I have never looked at my children as having special needs.
I expect them to make the same milestones, expect them to act like typical children their age and expect them to love like a normal person would. But when I sat down with myself and really looked at what I was expecting of them vs. what I just assumed I was expecting of them; I was completely off. Here is one example of that:
Where I feel most children shower their moms with hugs and kisses; rarely I get any. I always told myself it was because my children don’t love me. I have a horrible complex of low self-esteem. But in reality, my expectation of them wasn’t right. My children don’t deal with emotions and touch the same way other children do; because they have special needs (and admitting this is someone else I need to learn to deal with). Hugs from my two children with special needs are ritualistic and about as physical as boys who think girls have cooties. I should be grateful my youngest (and mini me) has physical touch as her love language. I need to reset the expectations for my older children to remember love from them comes in forms of a simple smile or laugh.
You also need to keep in mind, that this isn’t just you taking a closer look at yourself; but also the expectations that you have of others. I can’t expect my children to give me unlimited hugs and kisses. But I need to expect myself to understand that and more importantly; be ok with it. Right now I am going to start small. I want to take one expectation at a time.
2. You Are Needed/Wanted
I am going to read you all a story:
“God gave me a mission, to take a snail out for a walk.
I couldn’t walk too fast. The snail was already doing its best and yet why had it made only a little progress? I urged it, fooled it and blamed it. The snail looked apologetically at me, as if telling me, “I have already done my best!”
I pulled it, I tugged it and even thought of kicking it. The snail was hurt, it was sweating and it was breathless … moving forward.
How strange … Why would God ask me to take a snail out for a walk?
“Sigh! Perhaps God has gone catching snails!”
Alright then! Let go! God doesn’t bother. Why should I even bother?
I sulked while letting the snail crawled in front me.
Huh? I smelled the fragrance of flowers … oh there’s a garden on this side. I felt the breeze; I wasn’t aware that the night breezes were so gentle. Then I heard the chirping of birds and insects. I saw a sky full of stars; it was so beautiful!
Huh? Why didn’t I have such delicate experience before?
Suddenly I remembered. Perhaps I was wrong? God wanted the snail to take me out for a walk.
Moral of the story: Upbringing children is similar to walking a snail. There would be times, while walking through their childhood and youth with them, when we would seem to lose our mind and patience; and yet they unwittingly showed us the most beautiful side of life where it all began. Children have straightforward vision and unique perspective. Parents, why not slow down, put aside your subjective point of views and savor the flavors of life with your children. Listen to the echoes of your children inner voices in this secular world and give yourself a little time away from the endless routine in life.” The story and moral can be found here.
Children remind us to be patience, to slow down, to experience life and to live in the now.

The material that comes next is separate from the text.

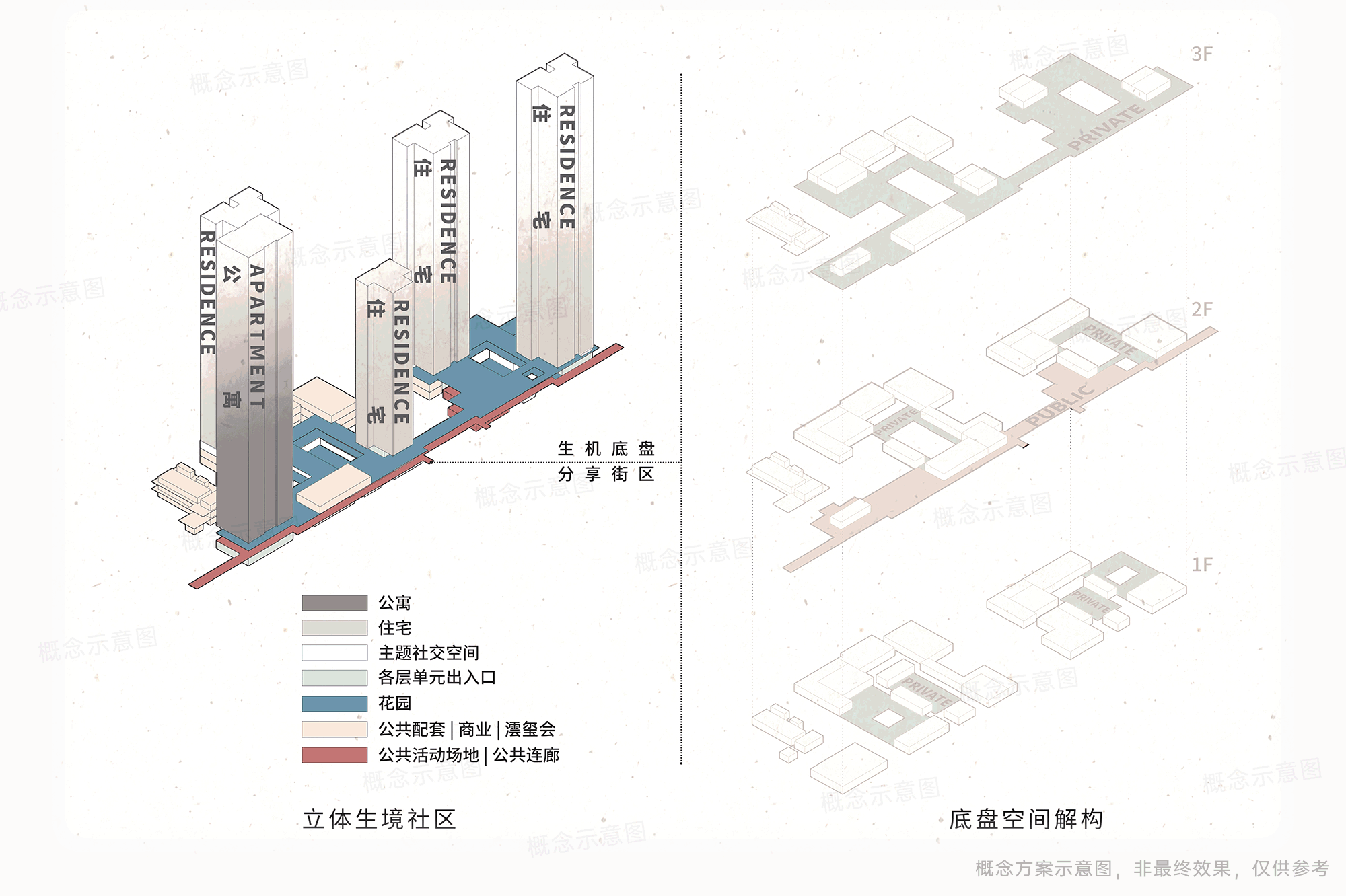 創(chuàng)新打造“生機底盤”,構(gòu)筑都市綠洲,回歸內(nèi)心寧靜。首層庭院圍合出靜謐綠洲,闊綽車馬院與酒店式落客區(qū)以從容禮序迎接歸家;二層環(huán)廊將通過約2公里慢行長廊(規(guī)劃中)銜接城市藝術(shù)與商業(yè);三層天際花園融匯浮島、水景與萌寵樂園,營造出全齡共聚的度假式社交場域。

In 2017, I felt so unloved by my friends, by my family and by my children. I felt like I had failed everyone. In some cases it was easier to quit loving them. But recently I realized that in between the “can I have a snack?”, “I don’t want to go to bed” and even the tantrums, it’s there…..Love. My children still want me. They still need me, and they still love me. I challenge you to slow down and look at those requests and even tantrums as their way of saying I need you, I want you and I love you. I know it will be hard, especially on those long days. But I promise it will be worth it in the end.